Find Opportunities For Differentiation

All over the world, we’re seeing the birth of a vast and untapped market for logistics providers who specialise in green transportation, and it’s bringing with it a massive opportunity for transportation providers to secure new business both now and in the future.

None of this is natural or easy. If it were easy we would have fixed this a long time ago.

– Mark Binns, Group Board Director, HOYER Group

As a carrier, freight forwarder or other transportation partner, you should be setting yourself up as a leader in this space. Those businesses that develop an expertise and a reputation in sustainability will guarantee themselves business for years to come.

“My feeling is that organisations are very keen to do something [green], but they want to know how to do it,” said Mark Binns, Group Board Director at HOYER Group and another member of my Sustainability Summit panel. “Emissions is the biggest topic by far, but it’s not the only show in town. Environmental performance, not forgetting about our people, their wellbeing, and all the financial ways one runs their business, and the ethics behind that are somewhere in the long-term sustainability story as well.”

Get Started Now

In conclusion, there’s a huge opportunity for transportation providers who focus on sustainability right now to get in on the ground floor in an industry that will capture an increasing amount of interest in the coming years. As green technology advances and sustainable business practices become more robust, a greater share of new business will go to those who have the experience, expertise and equipment to best deliver a net-zero future.

It’s certainly a difficult problem, however, there are easy ways to get started. As so frequently came up during the FourKites Supply Chain Sustainability Summit, sustainability often comes down to a game of percentages. There’s no silver bullet, and the companies that get started now, even if they make a few mistakes along the way, will ultimately be the ones that are successful 10+ years from now.
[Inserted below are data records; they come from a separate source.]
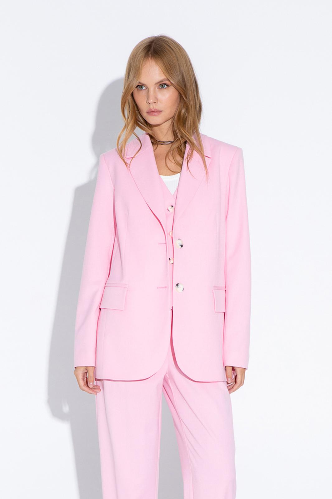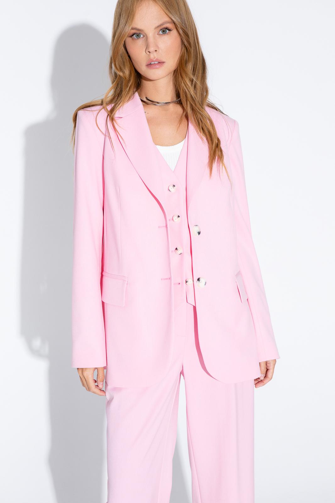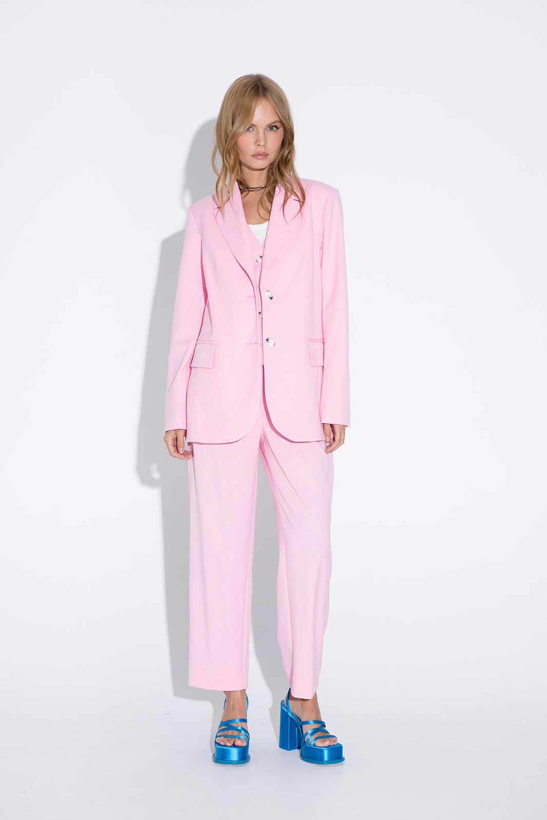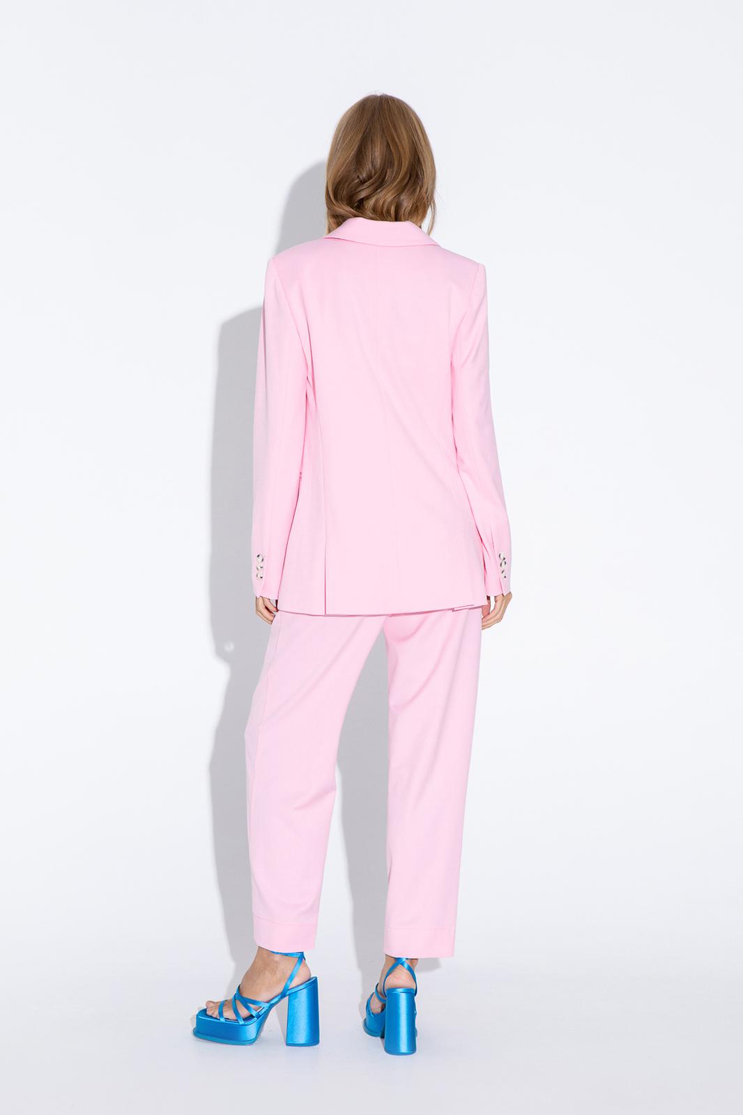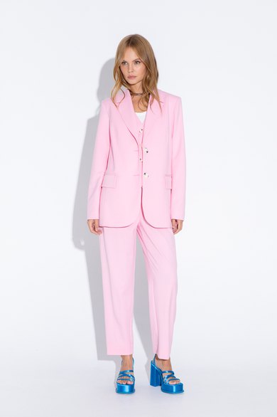 Текстильный костюм-двойка из свободного жакета со шлицами и брюк со складками Детали: жакет полуприлегающего силуэта, талиевые вытачки, пиджачный воротник, застежка на две петли и пуговицы, функциональные карманы, рукава и спинка со шлицами, жакет на подкладке из 100% вискозы. Брюки с высокой посадкой, притачной пояс со шлевками, задняя часть пояса эластичная- с резинкой, застежка на молнию и пуговицу, боковые карманы, передние половины с двумя складками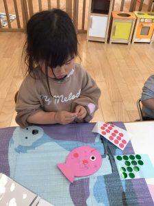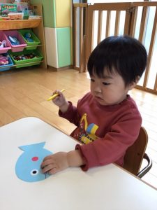 お魚さんに模様をお絵描きしてるよ✏️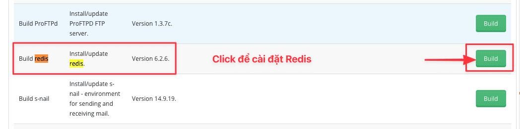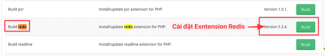You can understand Extension php is the driver to connect to the application. To install, go to Install/update PHP extensions and find the line Build redis (Install/update redis extension for PHP) => click Build to start installing Redis extension php.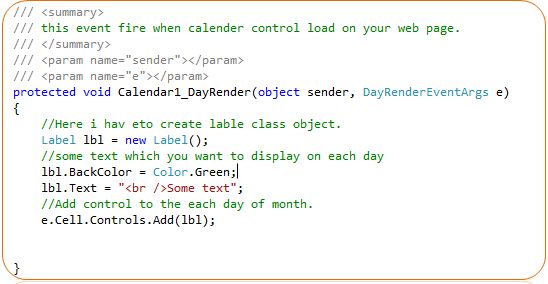 2. How to dynamically add another (ASP.NET) control (like Label, TextBox and so on) in a Calendar control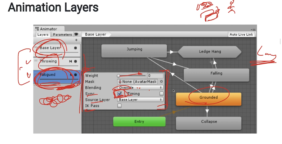 애니메이션의 레이어를 추가하여 분할하여 애니메이션을 추가할 수 있다. 여러 애니메이션을 사용할 수 있거나 애니메이션의 중요도를 다르게 줄 수 있다.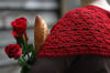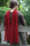 I looked up the individual concepts for bread, roses, and labor unions in the Dewey Decimal System (used to catalog books in many libraries in the US) and then placed the numbers on a grid as a starting point for designing this lace. The yarn overs in the alternating columns of lace in the middle are placed based on bread and roses; the border is generated with the numbers for labor unions. Decreases were placed to form undulating lines; occasional two-stitch cables highlight this effect.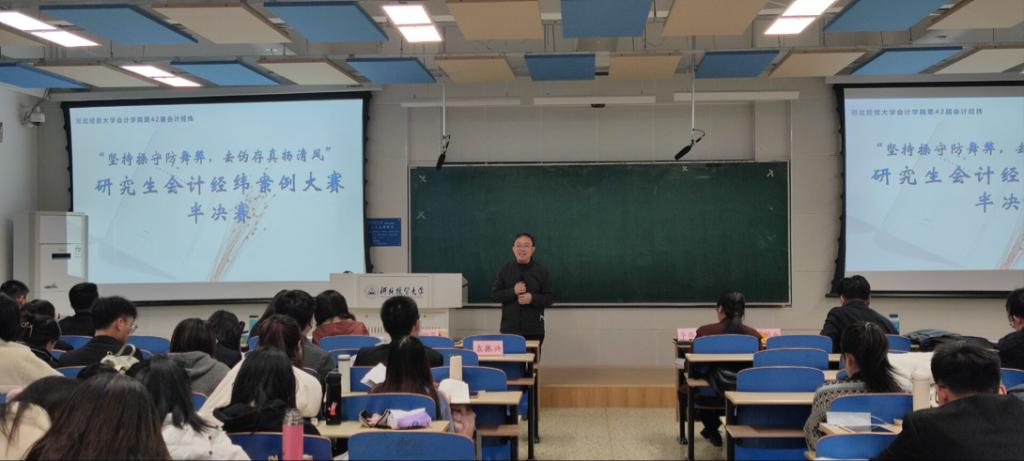 11月22日下午,由太阳集团122cc主办以“坚持操守防舞弊,去伪存真扬清风”为主题的第42期“会计经纬”案例分析大赛半决赛在第三教学楼B301教室如期举行。太阳集团122cc经理袁振兴、副经理李西文以及优秀研究生导师祁钧业、刘敬芝、邸丛枝老师担任评委,科研秘书韩冰老师及2021级全体研究生100余人现场参加本次半决赛。现场气氛紧张热烈却又不失幽默诙谐,同学们从不同角度为我们带来了一场异彩纷呈的视听觉盛宴。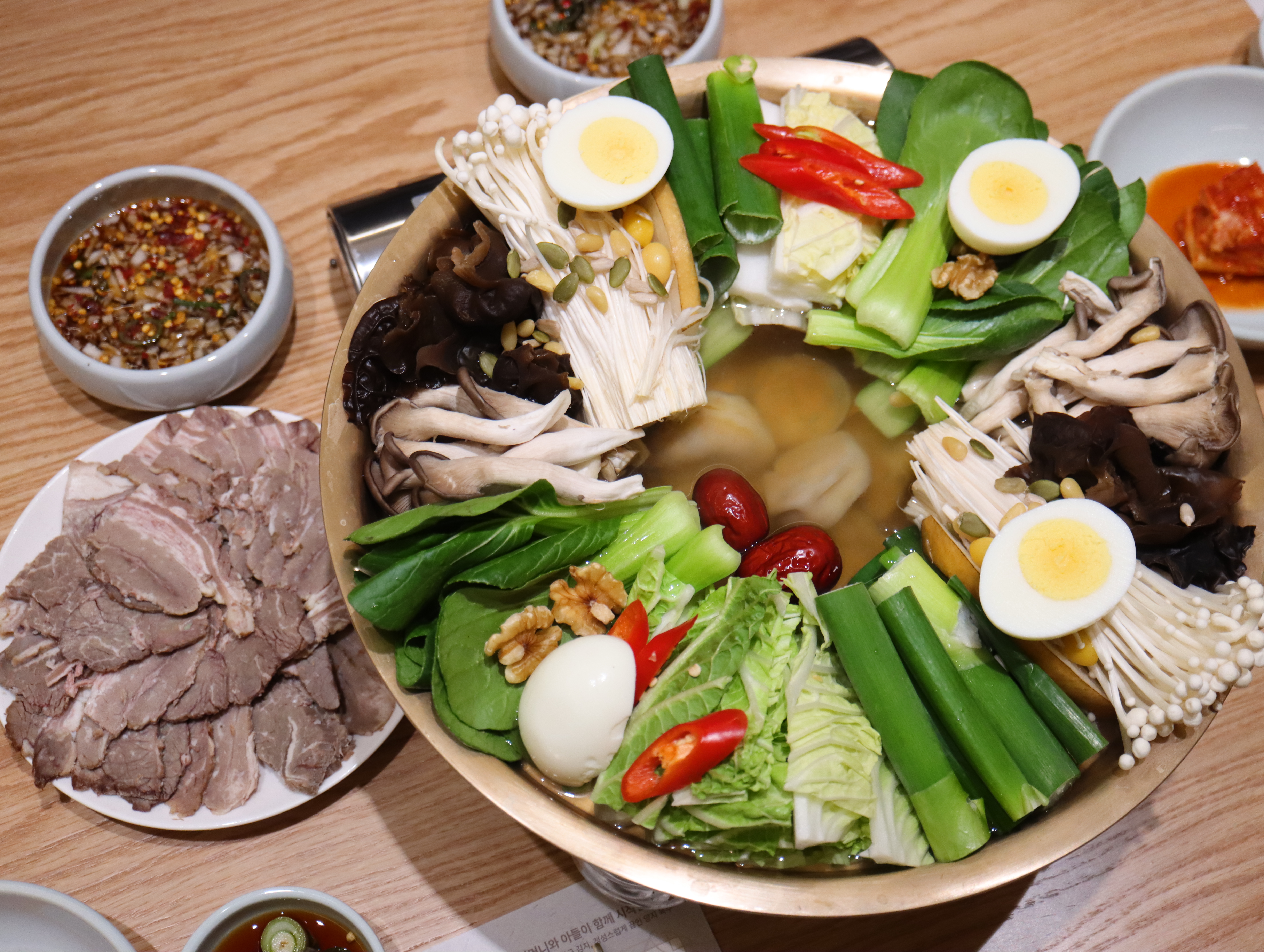 저녁 메뉴로는 ‘어복쟁반’과 ‘수육전골’이 인기다. 어복쟁반에는 대파, 청경채, 각종 버섯은 물론 삶은 달걀에 견과류까지 더해져 푸짐하면서도 균형 잡힌 한 상을 완성한다. 어복쟁반에도 만두가 들어가는 것이 특징으로 모자를 뒤집어 놓은 형태인 ‘전립투’ 냄비의 중앙에 담겨 제공되는데, 전골이 끓고 만두가 떠오르면 이를 먼저 즐긴 뒤 수육을 채소와 함께 즐기면 된다.

It’s Europe where this is happening the most, and it’s Europe that will in many ways continue to lead the way in the years to come. Even so, the US is finally starting to make sustainability an agenda item at the highest levels, prompting companies to look for new ways to track, monitor and improve their sustainability posture. Though many businesses paused their ESG rollouts during COVID, most are starting to reengage in this effort. Those who don’t risk setting themselves up for failure in the long-term by adopting a “wait and see” approach.

But more importantly, it’s logistics where these changes have to happen. Not only is this industry responsible for a large and increasing share of global emissions – it’s also an industry that’s uniquely suited to deal with the vast, complex issues that are at play here.

“That’s what logistics is good at,” says Binns. “We can handle these complexities. This is where we make our living.”